■ What is required: The entries below contain a line with "Green White Striped" and a line with "Trechterspinnen maken een". Quote exactly those two lines and all lines between them.

■ Source information:
####################

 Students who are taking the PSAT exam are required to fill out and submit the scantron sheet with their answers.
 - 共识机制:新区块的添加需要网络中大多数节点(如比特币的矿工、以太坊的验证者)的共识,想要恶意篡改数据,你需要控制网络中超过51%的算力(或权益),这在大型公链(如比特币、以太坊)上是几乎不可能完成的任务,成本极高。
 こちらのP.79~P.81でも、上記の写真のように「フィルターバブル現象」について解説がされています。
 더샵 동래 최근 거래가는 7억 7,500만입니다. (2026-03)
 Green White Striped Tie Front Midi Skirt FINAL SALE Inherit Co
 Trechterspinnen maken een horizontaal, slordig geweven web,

####################

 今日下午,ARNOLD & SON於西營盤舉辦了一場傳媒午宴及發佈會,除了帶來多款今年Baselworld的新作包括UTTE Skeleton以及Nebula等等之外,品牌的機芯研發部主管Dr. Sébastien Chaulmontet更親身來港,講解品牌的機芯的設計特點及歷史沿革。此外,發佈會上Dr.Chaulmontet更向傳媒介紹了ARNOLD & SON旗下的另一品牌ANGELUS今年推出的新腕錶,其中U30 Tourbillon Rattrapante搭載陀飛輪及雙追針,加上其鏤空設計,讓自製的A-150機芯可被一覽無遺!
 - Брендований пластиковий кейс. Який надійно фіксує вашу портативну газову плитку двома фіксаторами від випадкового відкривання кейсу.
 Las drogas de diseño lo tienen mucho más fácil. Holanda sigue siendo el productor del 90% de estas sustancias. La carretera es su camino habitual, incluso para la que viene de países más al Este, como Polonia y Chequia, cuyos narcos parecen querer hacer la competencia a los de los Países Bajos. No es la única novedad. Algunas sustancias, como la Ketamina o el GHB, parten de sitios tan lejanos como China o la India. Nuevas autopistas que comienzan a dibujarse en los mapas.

####################

■ Your response:
 Green White Striped Tie Front Midi Skirt FINAL SALE Inherit Co
 Trechterspinnen maken een horizontaal, slordig geweven web,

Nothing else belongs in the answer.